Десять  лет тому назад, в 1920 году, в самое страшное, голодное и холодное время так называемого «военного коммунизма», скончался в Москве Лев Михайлович Лопатин, один из крупнейших русских философов XIX века, с именем которого связан расцвет русской философской мысли в 80-90-х годах прошлого столетия. Он принадлежал к блестящему кругу московских философов (достаточно здесь напомнить имена Владимира Соловьева и братьев Трубецких), в трудах которых впервые возникло то, что можно в узком и более точном смысле назвать русской философией.

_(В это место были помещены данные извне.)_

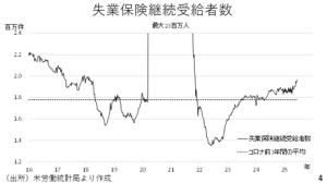 この雇用統計の発表前、7月の利下げ織り込みは約24%でしたが、雇用統計を受けて7月利下げの可能性は5%まで後退しました。これでおそらく7月の利下げはほぼなくなったと思います。ただし、非農業部門雇用者数増加の約半分が政府職員であり、ADPではマイナスでしたので、労働市場は悪化しつつあると考えられます。失業保険継続受給者数を見ると、コロナ前の3年間平均では約180万件弱でしたが、現在は200万件に迫る動きとなっています。職を離れている期間が長くなればなるほど再就職が難しくなりますので、このデータは米国の労働市場が弱くなっていることを示唆しています。
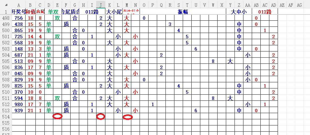 如上图2,大中小分析来看,中小数尾3456尾,可以考虑定3456尾。
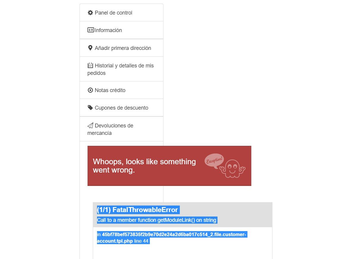 Deyvi Parra Posted October 11, 2019 Share Posted October 11, 2019 tengo una tienda Prestashop 1.7.5.0 corriendo en un servidor ubuntu 18.04 con php 7.2.21. El tema instalado es transformer theme y tengo el módulo JA Marketplace. El problema pasa al iniciar sesion con la cuenta de algunos vendedores y quiero entrar al apartado "mi cuenta". Cuando miro en las herramientas del navegador, en la pestaña network veo que hay un error 500 y en el html no está center-column, por esto no aparece el dashboard. Cuando ingreso a mi cuenta con otros perfiles no me salta este error. (1/1) FatalThrowableError Call to a member function getModuleLink() on string in 45bf78bef573835f2b9e70d2e24a2d6ba017c514_2.file.customer-account.tpl.php line 44 at content_5da0b584f30d11_36364393(object(SmartyDevTemplate)) in smarty_template_resource_base.php line 123 at Smarty_Template_Resource_Base->getRenderedTemplateCode(object(SmartyDevTemplate)) in smarty_template_compiled.php line 114 at Smarty_Template_Compiled->render(object(SmartyDevTemplate)) in smarty_internal_template.php line 216 at Smarty_Internal_Template->render(false, 0) in smarty_internal_templatebase.php line 232 at Smarty_Internal_TemplateBase->_execute(object(SmartyDevTemplate), null, null, null, 0) in smarty_internal_templatebase.php line 116 at Smarty_Internal_TemplateBase->fetch(null, null, null, null, false, true, false) in SmartyDevTemplate.php line 40 at SmartyDevTemplateCore->fetch() in Module.php line 2375 at ModuleCore->display('/var/www/html/clonatu/modules/jmarketplace/jmarketplace.php', 'customer-account.tpl') in jmarketplace.php line 4688 at Jmarketplace->hookDisplayCustomerAccount(array('smarty' => object(SmartyDevTemplate), 'cookie' => object(Cookie), 'cart' => object(Cart), 'altern' => 5)) in Hook.php line 966 at HookCore::coreCallHook(object(Jmarketplace), 'hookdisplayCustomeraccount', array('smarty' => object(SmartyDevTemplate), 'cookie' => object(Cookie), 'cart' => object(Cart), 'altern' => 5)) in Hook.php line 351 at HookCore::callHookOn(object(Jmarketplace), 'displayCustomeraccount', array('smarty' => object(SmartyDevTemplate), 'cookie' => object(Cookie), 'cart' => object(Cart), 'altern' => 5)) in Hook.php line 903 at HookCore::exec('displayCustomeraccount', array('smarty' => object(SmartyDevTemplate), 'cookie' => object(Cookie), 'cart' => object(Cart), 'altern' => 5), null) in smarty.config.inc.php line 165 at smartyHook(array('h' => 'displayCustomeraccount'), object(SmartyDevTemplate)) in SmartyLazyRegister.php line 83 at SmartyLazyRegister->__call('smartyHook', array(array('h' => 'displayCustomeraccount'), object(SmartyDevTemplate))) in ce1448e09011f92c4d9007957728557cc2d67538_2.file.my-account-items.tpl.php line 124 at Block_18378154415da0b584f15439_77278100->callBlock(object(SmartyDevTemplate)) in smarty_internal_runtime_inheritance.php line 248 at Smarty_Internal_Runtime_Inheritance->callBlock(object(Block_18378154415da0b584f15439_77278100), object(SmartyDevTemplate)) in smarty_internal_runtime_inheritance.php line 184 at Smarty_Internal_Runtime_Inheritance->process(object(SmartyDevTemplate), object(Block_18378154415da0b584f15439_77278100)) in smarty_internal_runtime_inheritance.php line 156 at Smarty_Internal_Runtime_Inheritance->instanceBlock(object(SmartyDevTemplate), 'Block_18378154415da0b584f15439_77278100', 'display_customer_account') in ce1448e09011f92c4d9007957728557cc2d67538_2.file.my-account-items.tpl.php line 110 at content_5da0b584f15da2_66923757(object(SmartyDevTemplate)) in smarty_template_resource_base.php line 123 at Smarty_Template_Resource_Base->getRenderedTemplateCode(object(SmartyDevTemplate)) in smarty_template_compiled.php line 114 at Smarty_Template_Compiled->render(object(SmartyDevTemplate)) in smarty_internal_template.php line 216 at Smarty_Internal_Template->render() in smarty_internal_template.php line 385 at Smarty_Internal_Template->_subTemplateRender('file:customer/_partials/my-account-items.tpl', null, 'layouts/layout-full-width.tpl', 0, 31536000, array(), 0, false) in 478b32d5af2779b9a5a0c23aeda8ea7f70addca9_2.file.my-account-nav.tpl.php line 27 at content_5da0b584f08ef8_21973048(object(SmartyDevTemplate)) in smarty_template_resource_base.php line 123 at Smarty_Template_Resource_Base->getRenderedTemplateCode(object(SmartyDevTemplate)) in smarty_template_compiled.php line 114 at Smarty_Template_Compiled->render(object(SmartyDevTemplate)) in smarty_internal_template.php line 216 at Smarty_Internal_Template->render() in smarty_internal_template.php line 385 at Smarty_Internal_Template->_subTemplateRender('file:customer/_partials/my-account-nav.tpl', null, 'layouts/layout-full-width.tpl', 0, 31536000, array(), 0, false) in 6c651f57a36328209358a234e9b65b082a40d2d8_2.file.page.tpl.php line 67 at Block_18323052835da0b584ec65f1_72722871->callBlock(object(SmartyDevTemplate)) in smarty_internal_runtime_inheritance.php line 248 at Smarty_Internal_Runtime_Inheritance->callBlock(object(Block_18323052835da0b584ec65f1_72722871), object(SmartyDevTemplate)) in smarty_internal_runtime_inheritance.php line 184 at Smarty_Internal_Runtime_Inheritance->process(object(SmartyDevTemplate), object(Block_18323052835da0b584ec65f1_72722871)) in smarty_internal_runtime_inheritance.php line 156 at Smarty_Internal_Runtime_Inheritance->instanceBlock(object(SmartyDevTemplate), 'Block_18323052835da0b584ec65f1_72722871', 'account_links', 1) in 6c651f57a36328209358a234e9b65b082a40d2d8_2.file.page.tpl.php line 157 at Block_5404975585da0b584ec6209_47399254->callBlock(object(SmartyDevTemplate)) in smarty_internal_runtime_inheritance.php line 248 at Smarty_Internal_Runtime_Inheritance->callBlock(object(Block_5404975585da0b584ec6209_47399254), object(SmartyDevTemplate)) in smarty_internal_runtime_inheritance.php line 184 at Smarty_Internal_Runtime_Inheritance->process(object(SmartyDevTemplate), object(Block_5404975585da0b584ec6209_47399254), object(Block_6141945465da0b3d109ee35_67146184)) in smarty_internal_runtime_inheritance.php 
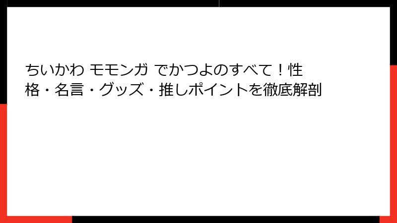 「ちいかわ モモンガ でかつよ」は、ファンコミュニティの絆を深めるキーワードなのです。
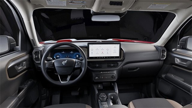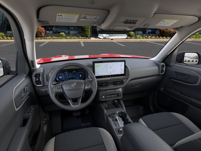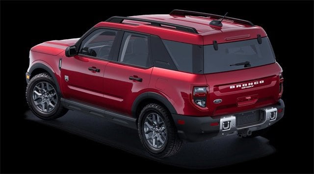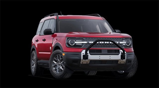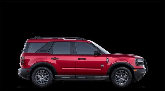 Black Diamond Off-Road Package (110V/400W AC Power Outlet, 2nd Row Carpeted Seatback, Auxiliary Switches & Wiring, Brush Guard, Cargo Management System (Shelf/Divider/Table), Cargo Mat, Class II Trailer Tow Pack w/Trailer Sway Control, Fender Tie Downs, Front & Rear Black Bumpers, Interior Grab Handle, Recovery Hooks, and Wheels: 17" Carbonized Gray Painted Aluminum), Equipment Group 200A, 4-Wheel Disc Brakes, 6 Speakers, ABS brakes, Air Conditioning, Alloy wheels, AM/FM radio: SiriusXM, AM/FM Stereo, Auto High-beam Headlights, Automatic temperature control, Brake assist, Cloth w/Easy-to-Clean Front Bucket Seats, Compass, Delay-off headlights, Driver door bin, Driver vanity mirror, Dual front impact airbags, Dual front side impact airbags, Electronic Stability Control, Emergency communication system: SYNC 4 911 Assist, Four wheel independent suspension, Front & Rear Floor Liners w/o Carpet Mats, Front anti-roll bar, Front Bucket Seats, Front Center Armrest, Front License Plate Bracket, Front reading lights, Fully automatic headlights, Heated door mirrors, Illuminated entry, Knee airbag, Low tire pressure warning, Occupant sensing airbag, Outside temperature display, Overhead airbag, Overhead console, Panic alarm, Passenger door bin, Passenger vanity mirror, Power door mirrors, Power steering, Power windows, Radio data system, Rear anti-roll bar, Rear Parking Sensors, Rear reading lights, Rear seat center armrest, Rear window defroster, Rear window wiper, Remote keyless entry, Security system, SiriusXM, Speed control, Speed-sensing steering, Speed-Sensitive Wipers, Split folding rear seat, Steering wheel mounted audio controls, SYNC 4 w/Enhanced Voice Recognition, Tachometer, Telescoping steering wheel, Tilt steering wheel, Traction control, Trip computer, Variably intermittent wipers, and Wheels: 17" Carbonized Gray-Painted Aluminum. 2025 Ford Bronco Sport 1.5L EcoBoost Ruby Red Metallic Tinted Clearcoat
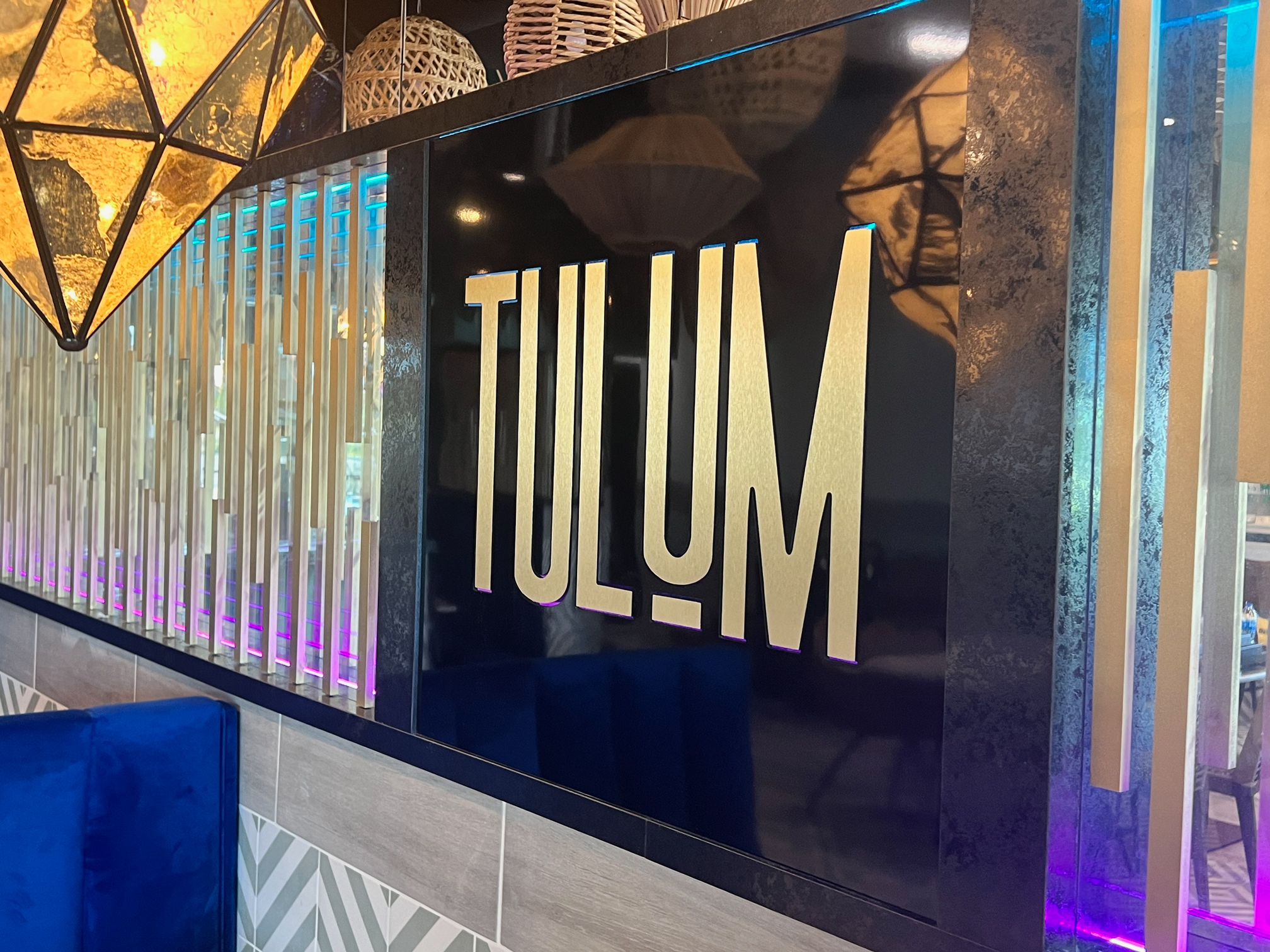 Black, Gold, and Glass LED Privacy Wall
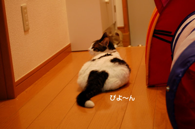 少ししてから帰ってくる音がしたのですが、いつもより音が静か・・。
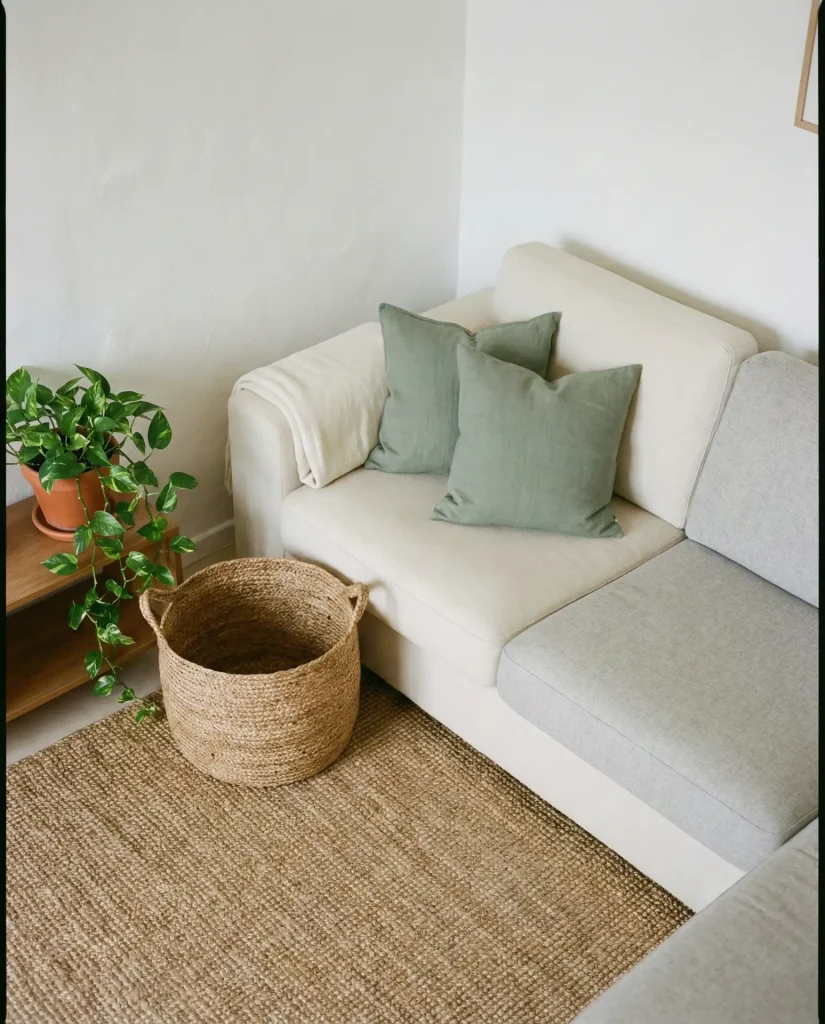 From a budget standpoint, this is one of the most approachable sectional looks you can pull off. A gray sectional from a retailer like Amazon or Article can run anywhere from $800 to $2,500 depending on the fabric and size, and adding a few green cushions and a plant or two costs less than $200 total. The beauty of this palette is that it scales—you can start simple and layer in more texture and greenery over time as your budget allows, and it will only look more intentional as it grows.
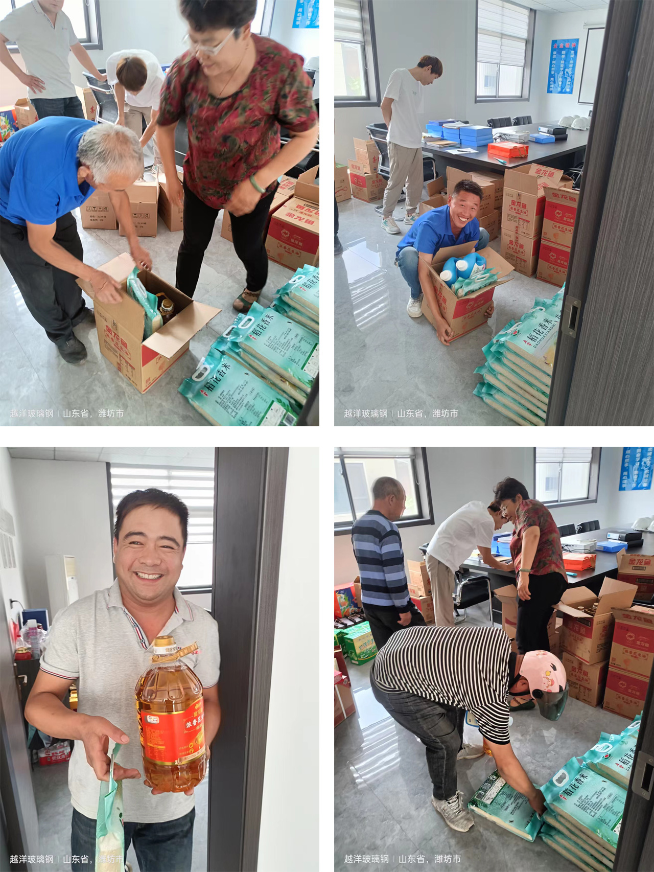 八月十五月儿圆,阖家欢乐共团圆。一年一度的中秋佳节即将来临,山东越洋玻璃钢有限公司为让员工感受到中秋佳节温馨、团圆的气氛,增添节日的喜庆,感谢员工的辛苦付出,为员工及员工家属送上问候及美好的节日祝愿,特在中秋佳节来临前,为全体员工发放中秋福利。

Русская мысль XIX века, полная совершенно исключительного по богатству и глубине идей духовного содержания, до 80-х годов не имела надлежащего философского оформления. По своему содержанию она была, прежде всего, религиозно-общественной мыслью или, если угодно, философией истории; самостоятельный общий философский фундамент, — то, что Аристотель называет «первой философией» — в ней почти отсутствует, хотя в зачаточной форме принципиальные философские идеи высокой значительности и встречаются у славянофилов Киреевского и Хомякова. Среди русских шеллингианцев первой трети ХIХ-го века были, правда, и солидные ученые (Велланский) и талантливые, вдохновенные натуры (Павлов), но не было самостоятельных мыслителей. Русское гегелианство, очень значительное по вызванному им общему брожению идей, не привело к самостоятельному философскому творчеству (за исключением позднейших трудов Чичерина). Русская философия в духовных академиях — доселе почти не исследованная и недостаточно оцененная — стояла особняком и, во всяком случае, не породила никакого философского движения идей. В 60-х годах единственным самостоятельным и оригинальным русским философом был Юркевич. Поэтому мы вправе сказать, что русская философия в точном смысле слова возникает впервые в 80-х годах 19-го века в той московской школе, одним из самых значительность представителей которой был Л. М. Лопатин.

 

111

 

 

Разумеется, бесспорное первенство здесь принадлежит Владимиру Соловьёву. Но Вл. Соловьев, при всей значительности его философских трудов, был натурой слишком универсальной — одновременно и интимно-мистической, и общественно-действенной — чтобы чистая философия могла стоять в центре его творчества. Вл. Соловьев все же в гораздо большей мере был богословом и религиозным публицистом, чем философом. Систематическая теоретическая философская мысль, как таковая, его сравнительно мало интересовала и, при всей ее остроте у него все же не стоить на уровне его религиозно-мистических интуиций; иногда она даже исполняет у него, по средневековому образцу, роль внешней «служанки» богословия, когда он пытается осуществить невозможное и ненужное дело философского «выведения» догматов веры. Вл. Соловьев сам сознавал недостаточность систематического философского обоснования своего мировоззрения: смерть застала его за разработкой «Теоретической философии», от которой сохранилось лишь вступление, свидетельствующее о значительному но, к сожалению, неосуществленном замысле.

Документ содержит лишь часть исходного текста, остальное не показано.